Assignment
From the listing that follows, reproduce only the lines from the one holding "Сочетание блинтового и" through the one holding "- Select the", both included, with no pictures.
:: Task inputs
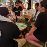Au cours de la journée, nous faisons une pause pour déjeuner et échapper au soleil qui cogne sur les tribunes du public. Différents kiosques proposent majoritairement de la cuisine amérindienne : des épis de maïs, des galettes de maïs (tacos), de la viande de bison, des salades de haricots rouges, du pain frit etc. Nous nous laissons tenter par un burger de bison, une salade de riz sauvage et quelques tranches de pastèque bien rafraîchissantes. D’autres kiosques un peu moins traditionnels proposent inévitablement de la poutine, des frites ou encore de la citronnade directement servie dans des seaux de plage!
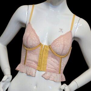 BOOTAY BAG Pink Lace Corset Longline Bra sz XS
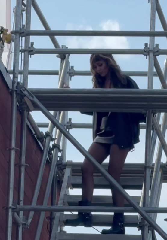 The Grammy Award-winning artist performed a series of stunts for the shoot, stepping onto a set of steps and leaping toward the camera as film crews, makeup artists and hairstylists worked behind the scenes. Scaffolding was erected along the building to create the scene and Cyrus repeated the sequence several times before transitioning to a high-fashion photo shoot.
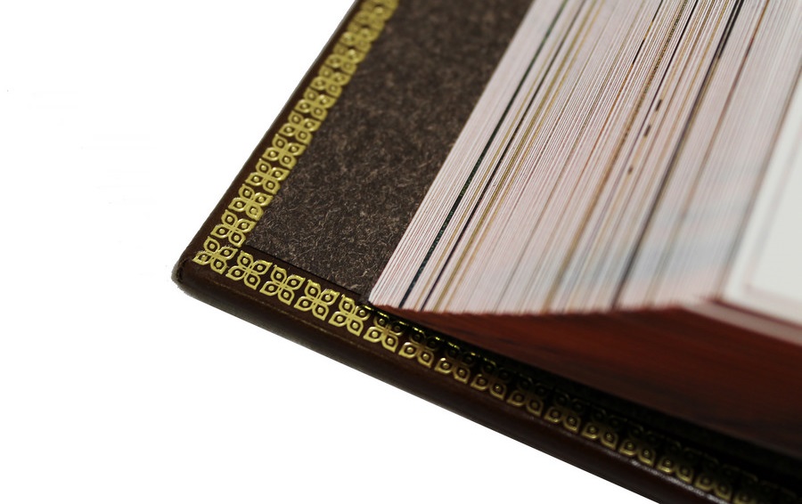 Сочетание блинтового и золотого тиснения выполненных на высококачественной натуральной коже.
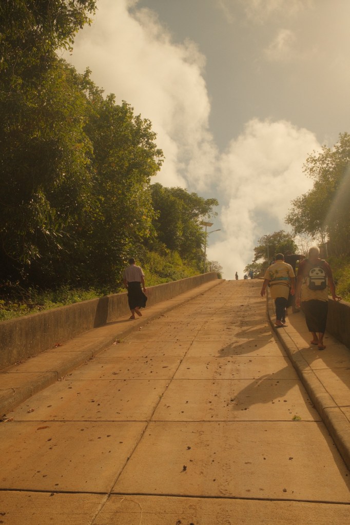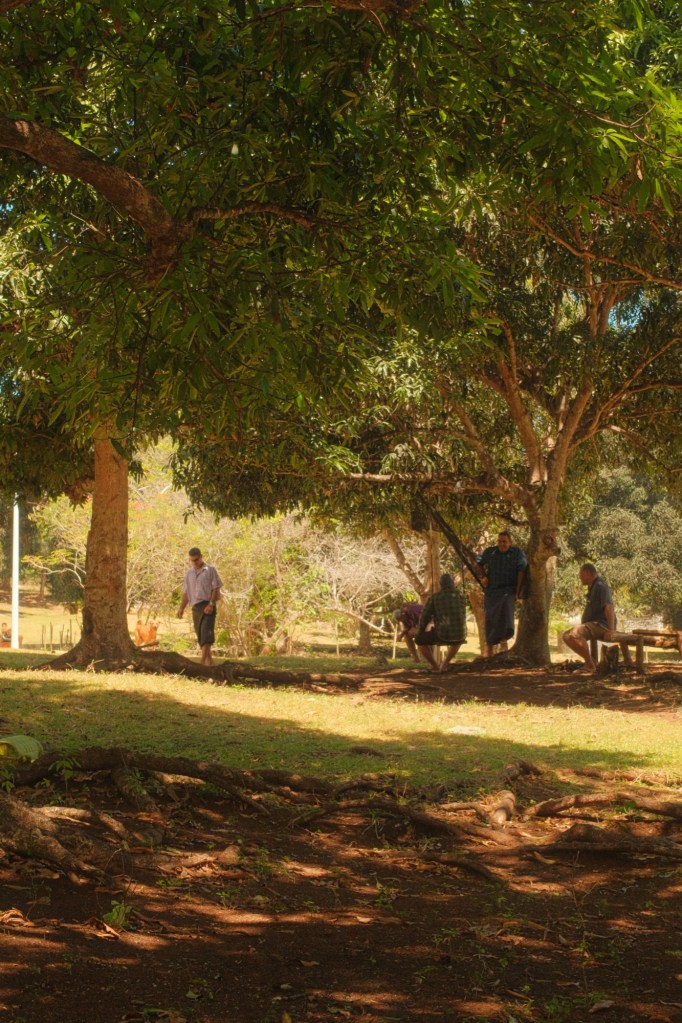 The next stop was Neapapu. This place didn’t even seem real. Lush grass fields, horses roaming the plains, and trees with trunks larger than a truck. I had a scary run-in with some dogs that were not perturbed by my fake rock throwing and I had to jump over a fence to avoid a mauling. I decided that was a sign and I kept walking in that direction. It was a good decision. I found a few oldies who were happy to talk to me. I even ran into a toko that I beat at pool a few weeks ago in town. I won, but he wasn’t as happy to see me. We had a really good talanoa (conversation) under a mango tree, then we were on our way.
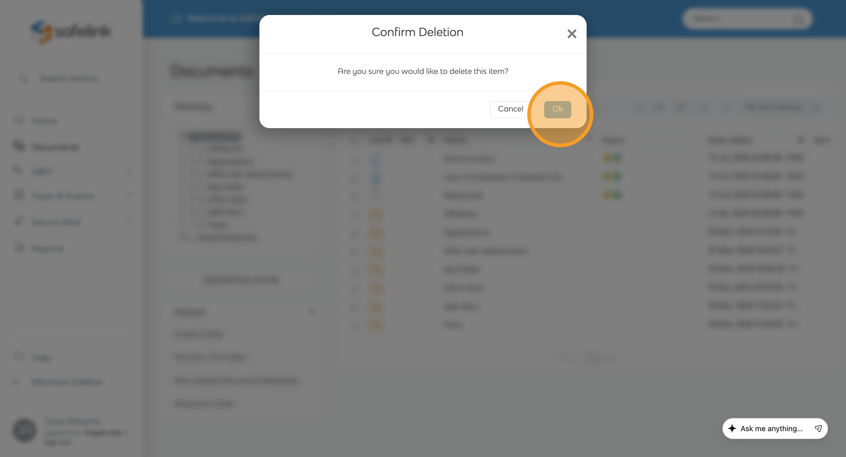 - Select the document or folder that you would like to delete.
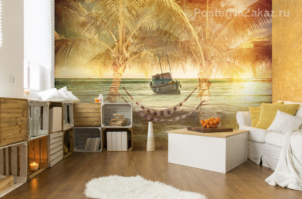 Изображение морского берега в тропиках с пальмами и пришвартованной лодкой в лучах закатного солнца украсит и дополнит интерьер вашей гостиной.
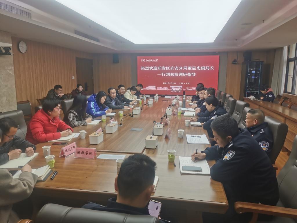 会上,学校党委武装部部长、保卫处处长闫光礼对开发区全体公安干警长期给予学校的支持表示感谢,同时希望在以后学校平安校园建设工作中得到更多的指导和帮助。他表示,在全体师生和各级公安部门的共同努力下,去年学校平安校园建设工作取得较好成绩,今后学校将继续加强与属地公安部门的联系,提高师生的安全意识,全面筑牢校园安全防线。
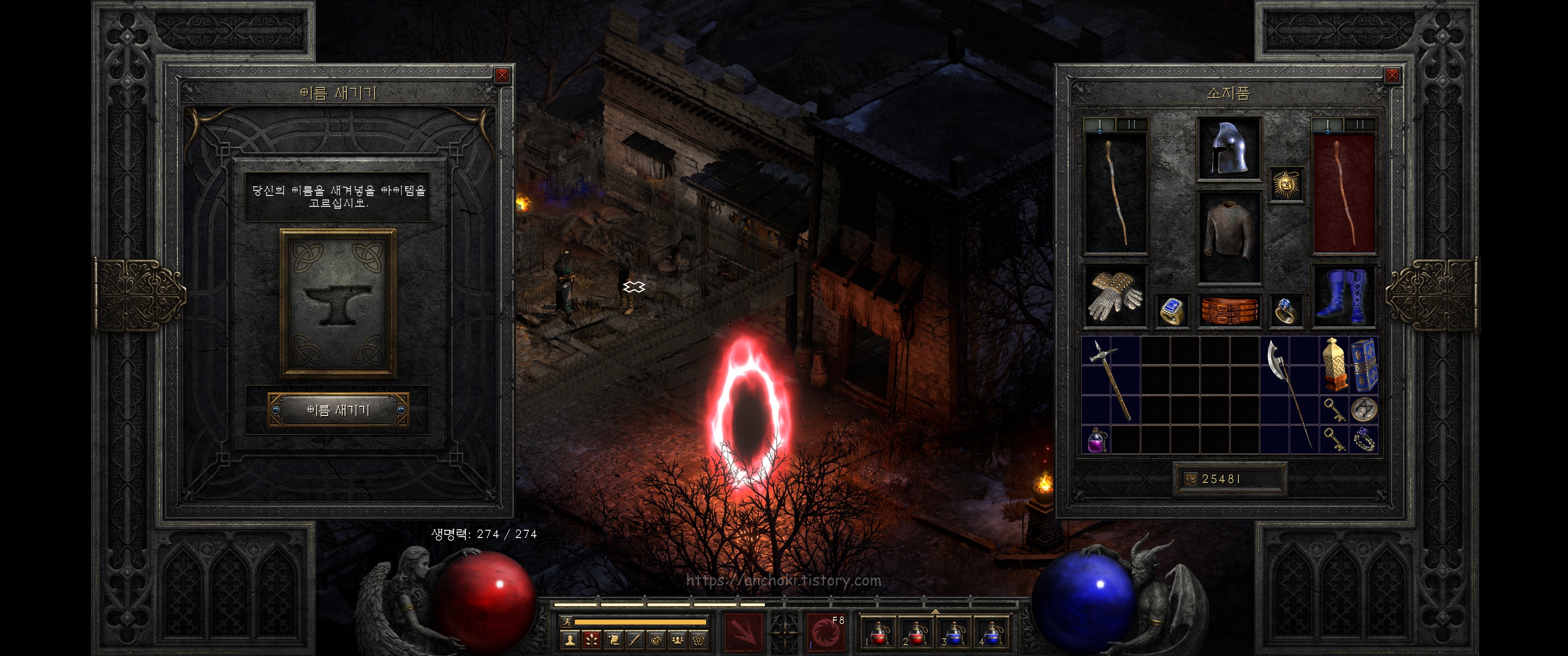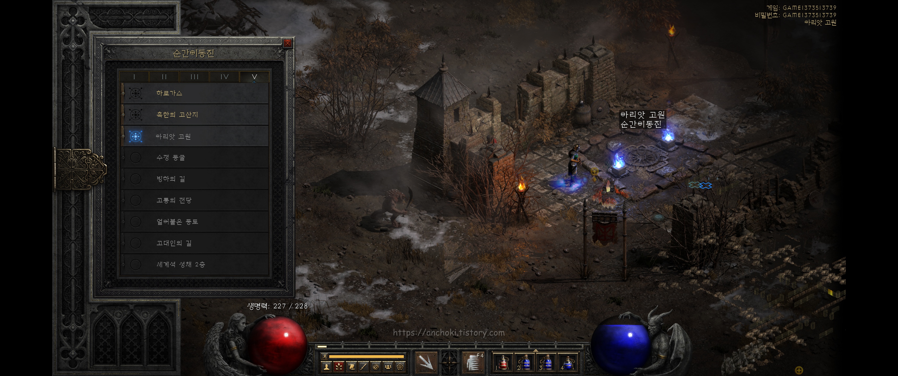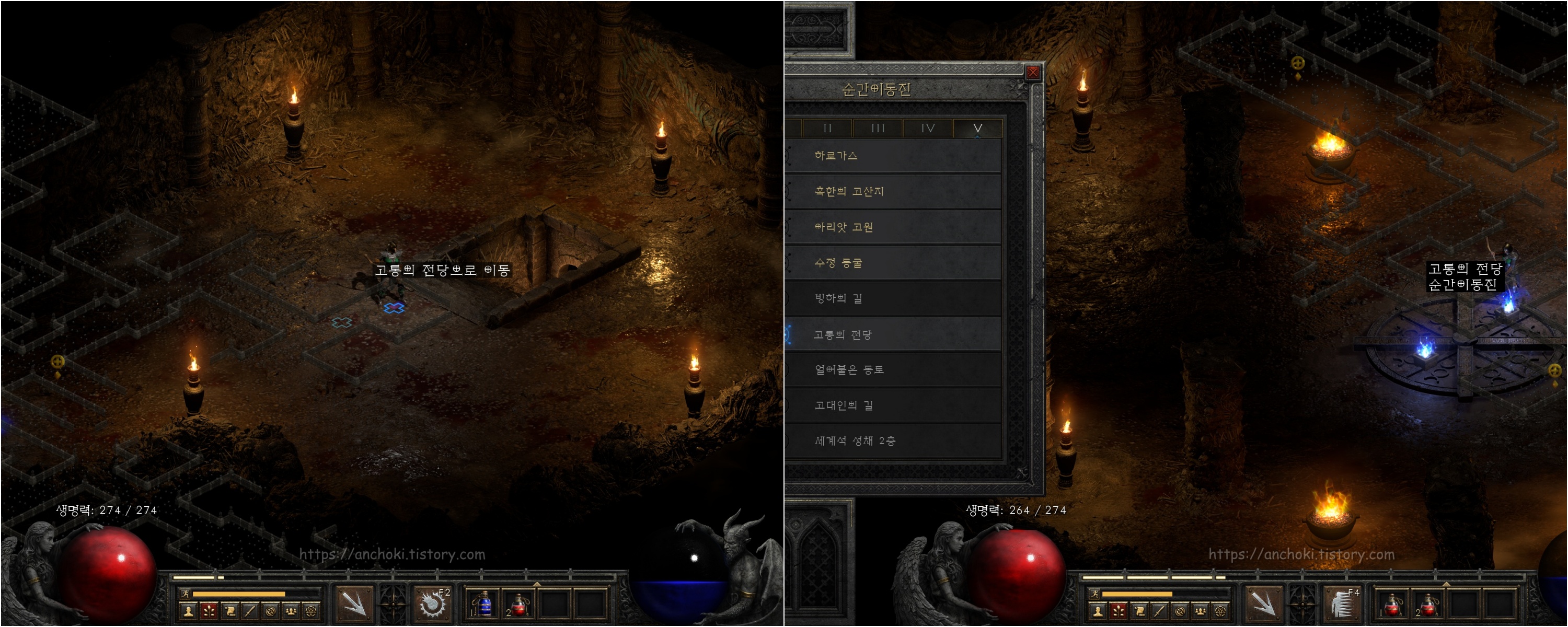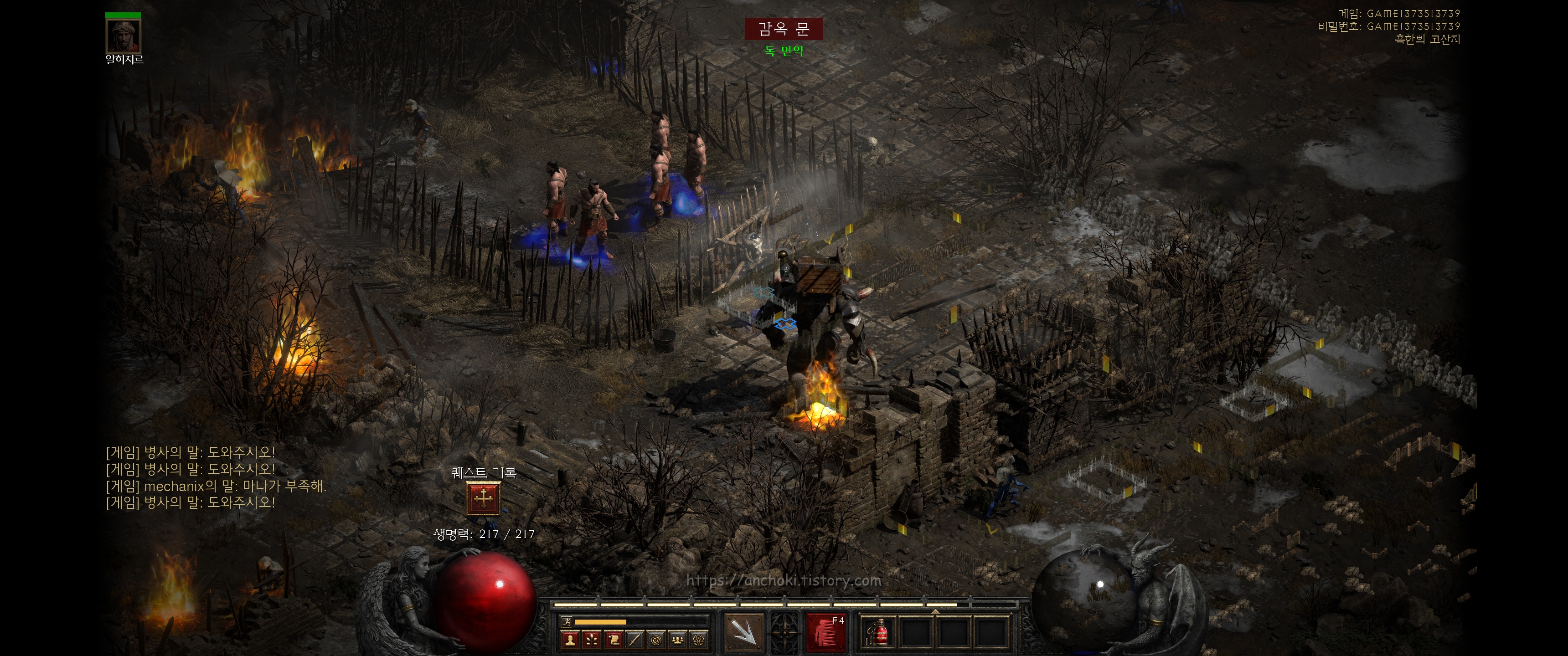 굳이 안해도 되는 퀘스트라서 핀들런만 하고 여기까진 안와도 상관없지만, 나중에 횃불퀘스트를 하실분들만 진행하면 됩니다. 참고로 디아블로2 레저렉션에서는 고통의 전당 (홀스 오브 페인) 웨이포인트를 찍어도 안야가 열어준 붉은 포탈은 그대로 있더군요. 계속 진행해도 핀들런 하는데는 상관없는 듯 합니다.
::::
Answer space
 Сочетание блинтового и золотого тиснения выполненных на высококачественной натуральной коже.
 The next stop was Neapapu. This place didn’t even seem real. Lush grass fields, horses roaming the plains, and trees with trunks larger than a truck. I had a scary run-in with some dogs that were not perturbed by my fake rock throwing and I had to jump over a fence to avoid a mauling. I decided that was a sign and I kept walking in that direction. It was a good decision. I found a few oldies who were happy to talk to me. I even ran into a toko that I beat at pool a few weeks ago in town. I won, but he wasn’t as happy to see me. We had a really good talanoa (conversation) under a mango tree, then we were on our way.
 - Select the document or folder that you would like to delete.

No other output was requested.